The second cause of action is, strictly speaking, one for cancellation or rescission. It assumes the original validity of the contracts, and asks that by reason of acts of the appellants done after the contracts had been made they be abrogated or rescinded. Thus the first cause of action was complete before any of the acts were done which constitute the second cause. It seems to me impossible to say that these are not distinct causes of action which, even if they be properly united in the same complaint, should be separately stated if, for no other reason, that defendants may be enabled to properly present such defenses as they may have. As was said by the present presiding justice of this court in Realty Transfer Company v. Cohn-Baer-Myers & Aronson Co. (132 App. Div. 286, 290) : “ One [cause of action] necessarily implies the non-existence of a contract for fraud ab initio and the other a valid contract and a subsequent breach.” That the mere fact that both causes of action may lead to the same relief does not make them a single cause of action. Such a case was presented in Freer v. Denton (61 N. Y. 492), wherein it was said: “The facts stated in the complaint showed two causes of action, one to recover back the money paid, because the defendant refused to perform and repudiated the contract, and this was made out without proof of any fraud; and another to recover back the money paid on the ground that it was obtained from the plaintiff by fraud. These two causes of action could be united in the same complaint, but should have been separately stated.”

The case of Callanan v. K., A. C. & L. C. R. R. Co. (199 N. Y. 268), cited at Special Term and much relied on by the respondent, is not in point, because the question we have now to deal with was not presented. There doubtless were two *684causes cf action united in one count, but the complaint was not attacked on that ground either by motion to separate or by a demurrer for misjoinder. Nor do I consider it of any importance that the plaintiff says that he only intended to state a single cause of action. Whatever his intentions may have been, if he has in fact stated more than one cause of action, it is the defendants’ right to have them separately stated.

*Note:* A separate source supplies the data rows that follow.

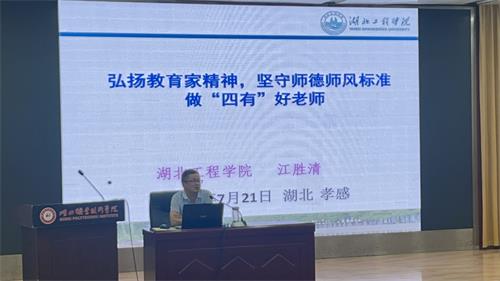 开班仪式结束后,湖北工程学院江胜清教授作题为《弘扬教育家精神,坚守师德师风标准,做“四有”好老师》首场主旨报告。
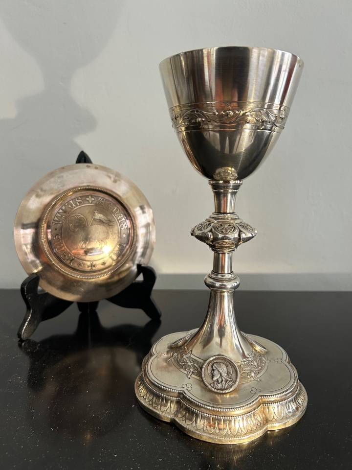 - objets religieux, calices, ciboires, ostensoirs, bougeoirs, encensoirs, baisers de paix, croix, reliquaires, reliques, vierges, saints, chapelets, médailles et autres.
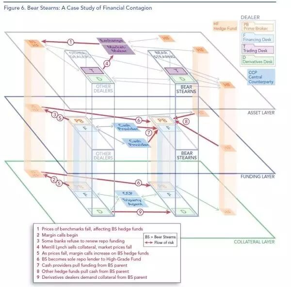 资产端带来的冲击不仅仅会影响负债端,同样会影响到自己的融资层(资产层→融资层),因为你可以将买入的资产质押出去,或者进行回购融资,而一旦你的资产价值下跌,你的债权人势必会要求增补抵押物(无论是现金还是债券),这就被称为“Margin Call”。在贝尔斯登的案例中,一些借款者拒绝对之前的回购融资进行回滚续期操作(rollover,到期续作)。更直观地讲,之前的赎回压力对于负债端而言可能是“retail run”零售投资者挤兑;而拒绝对回购融资进行续作那就是“institutional run”机构投资者挤兑了。
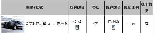 编辑近日从上海通用深圳安骅别克4S店处获悉:目前顾客在该店订购林荫大道3.0 豪华版车款,可在包牌价的基础上享受最高3万元的现金优惠(包牌价=车身价+购置税+上牌费)。具体明细请参见下表:
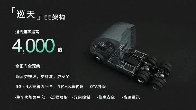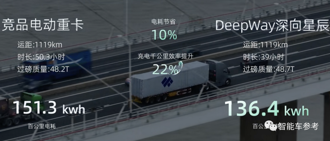 DeepWay智能新能源重卡与一般电动重卡比,电耗平均降低4-6%,对应的是“白虎”(官方名称)技术点。
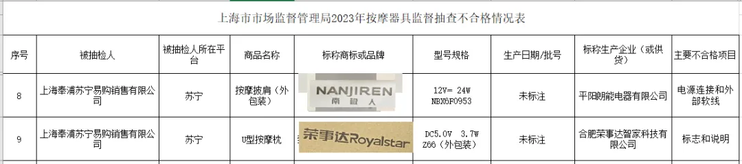 2023年6月,上海市市场监督管理局发布按摩器具监督抽查情况,1批次标称由“合肥荣事达智家科技有限公司”生产的“荣事达Royalstar(外包装)” U型按摩枕不合格,主要不合格项目为标志和说明。
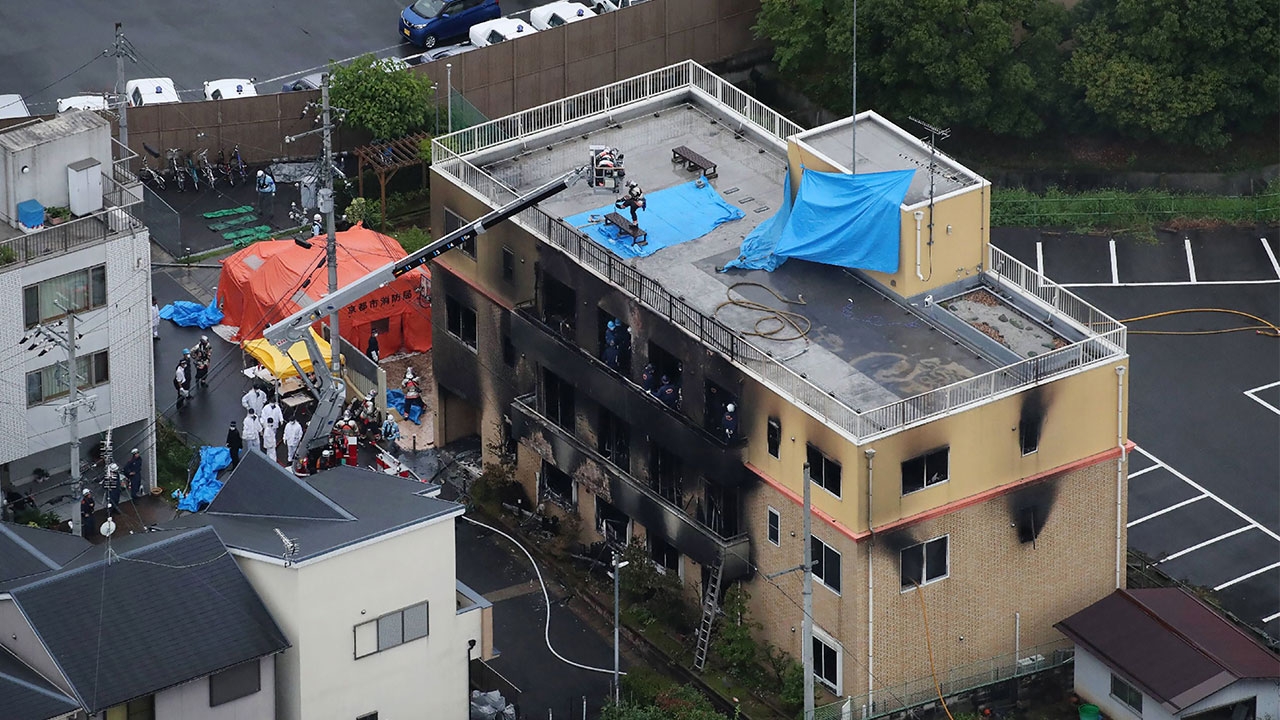 ช็อกฆ่าหมู่สุดสยองญี่ปุ่น รวบชายคลั่งมือราดนํ้ามันเผยแฟนคลับในไทยเพียบหนุ่มคลั่งบุกราดน้ำมันเผาสตูดิโอผลิตการ์ตูนชื่อดังของญี่ปุ่น ดับสยอง 33 ศพ เผยเป็นบริษัทที่เคยผลิต แอนิเมชั่นดัง แนวสาวนักดนตรีมัธยมวัยใส ที่ได้รับความนิยมจากแฟนคลับเมืองไทยเรื่อง “เค-อง! ก๊วนดนตรี แป๋วแหวว” ตำรวจแดนปลาดิบรวบตัวผู้ต้องสงสัยได้แต่ยังไม่กล้าสรุปสาเหตุ ทราบแค่ตะโกนว่า “ไปตายเสีย” ก่อนลงมือเผา ขณะที่ ชาวเน็ตญี่ปุ่นผนึกกำลังร่วมลงขันระดมหาเงินช่วยกอบกู้สตูดิโอดัง นายกฯญี่ปุ่นแถลงการณ์ร่วมแสดงความเสียใจ ชี้เป็นเรื่องน่าสยดสยองจนไม่อาจหาคำมาบรรยายสำนักข่าวต่างประเทศรายงานเหตุสยองในประเทศญี่ปุ่น เมื่อช่วงเช้า 10.30 น. วันที่ 18 ก.ค. ตามเวลาท้องถิ่น หรือเวลา 08.30 น. ตามเวลาประเทศ ไทย ว่า ได้เกิดเพลิงไหม้ที่อาคารบริษัท เกียวโต แอนิเมชั่น ผู้ผลิตการ์ตูนอนิเมะชื่อดังของญี่ปุ่น ส่งผลให้มีผู้เสียชีวิตอย่างน้อย 33 ศพ ขณะที่ผู้บาดเจ็บมีทั้งสิ้น 35 ราย จำนวนนี้อาการสาหัส 10 ราย สำหรับ สถานที่เกิดเหตุเป็นอาคารพาณิชย์สูง 3 ชั้น ตั้งอยู่ในเขตอุจิ ทางภาคใต้ของนครเกียวโต เมืองหลวงเก่าของญี่ปุ่น พระเพลิงลุกไหม้เผาผลาญลุกลามไปทั่วอาคาร ที่ชั้น 2 และชั้น 3 เปลวไฟพุ่งออกจากหน้าต่างพ่นเขม่าควันสีขาวฟุ้งไป ทั่วเจ้าหน้าที่ต้องใช้เวลากว่า 2 ชั่วโมงจึงควบคุมเปลวเพลิงให้สงบลงเจ้าหน้าที่ดับเพลิงระบุว่า จากการเข้าตรวจสอบในอาคาร พบศพเหยื่อเคราะห์ร้ายนอนตายกระจัด กระจายเกลื่อนที่บริเวณชั้น 1 จำนวน 12 ศพ ชั้น 2 จำนวน 1 ศพ โดยเฉพาะช่องทางบันไดเดินขึ้นชั้น 3 ของอาคาร มีศพผู้เสียชีวิตกองรวมกันนับกว่า 10 ศพอย่างน่าสยดสยอง ทั้งคาดว่าน่าจะมีผู้สูญหายอีก จำนวนหนึ่ง เนื่องจากขณะเกิดเหตุมีผู้อยู่ในอาคารถึง 70 คนขณะที่สถานีโทรทัศน์เอ็นเอชเคของญี่ปุ่นรายงานว่า มีความเป็นไปได้ว่าเหตุการณ์สยองครั้งนี้เป็นคดีวางเพลิง เพราะหลังเกิดเหตุเพลิงไหม้ ตำรวจญี่ปุ่นจับกุมชายต้องสงสัย 1 ราย เป็นชาวญี่ปุ่น อายุ 41 ปี ไม่เปิดเผยชื่อ ซึ่งพยานในที่เกิดเหตุระบุว่า ชายรายนี้ได้ลงมือราดน้ำมันรอบๆอาคารก่อนจุดไฟ พร้อมตะโกนว่า “ไปตายเสีย” จากนั้นก็วิ่งหนีออกจากที่เกิดเหตุก่อนล้มนอนกับพื้น ในสภาพผมถูกไฟไหม้ และมีรอยเลือดเปื้อนเท้า ทั้งนี้ จากการสอบสวนเบื้องต้นทราบว่าผู้ต้องสงสัยไม่ใช่อดีตพนักงาน หรือมีความเกี่ยวข้องใดๆกับสตูดิโอทั้งสิ้นหลังเกิดเหตุการณ์นายชินโสะ อาเบะ นายกรัฐมนตรีญี่ปุ่น ออกแถลงการณ์แสดงความเสียใจต่อเหตุการณ์ว่าเป็นเรื่องน่าสยดสยองจ
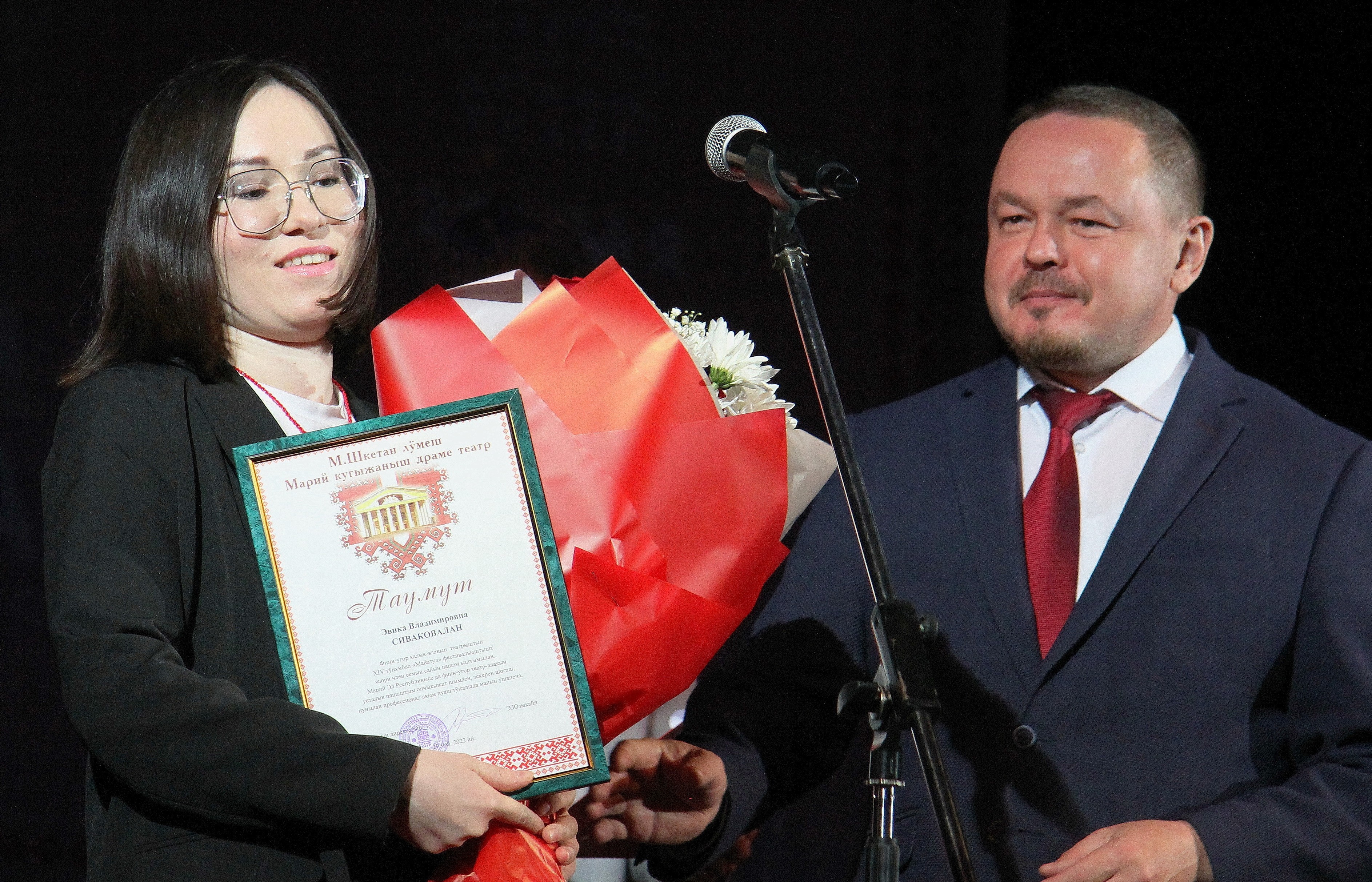 На торжественной церемонии закрытия были названы победители в девяти основных номинациях. Очень приятно, что в трех из них лучшими стали театральные коллективы Марий Эл. Так, «Спецприз» фестиваля вручили артистке Галине Соловьевой за роль Максима в спектакле «Песня дикой пчелки» Марийского ТЮЗа, а диплом в номинации «Лучшая мужская роль» получил заслуженный артист МАССР Юрий Алексеев за роль Аптыкая в том же спектакле.

We are not concerned upon this appeal to consider whether both causes of action, or either of them, are well pleaded, or if more than one cause of action is pleaded, whether they can properly be united in a single complaint. (Astoria Silk Works v. Plymouth Rubber Co., 126 App. Div. 18.)

The general allegation that all the wrongful acts done by' the appellants were so done as a consequence and in furtherance of a fraudulent conspiracy does not serve to transform into a single cause of action allegations which clearly constitute several distinct and separate causes of action, for a mere conspiracy to do a wrong does not, in this State, furnish the basis for a civil action. . It is the fraud and damage resulting from the overt acts, and not the conspiracy to do those acts, which furnish the gravamen of a cause of action. ‘‘ Where the conspiracy results in the commission of that which would be an actionable tort, whether committed by one or by many, then the cause of action is the tort, not the conspiracy. ” (Green v. Davies, 182 N. Y. 499; Brackett v. Griswold, 112 id. 454; Bird v. Post, 124 App. Div. 902.)

The order appealed from should be reversed, with ten dollars costs and disbursements, and the motion granted to the extent herein indicated, with ten dollars costs.

Clarke, P. J., concurred.

Order affirmed, with ten dollars costs and disbursements.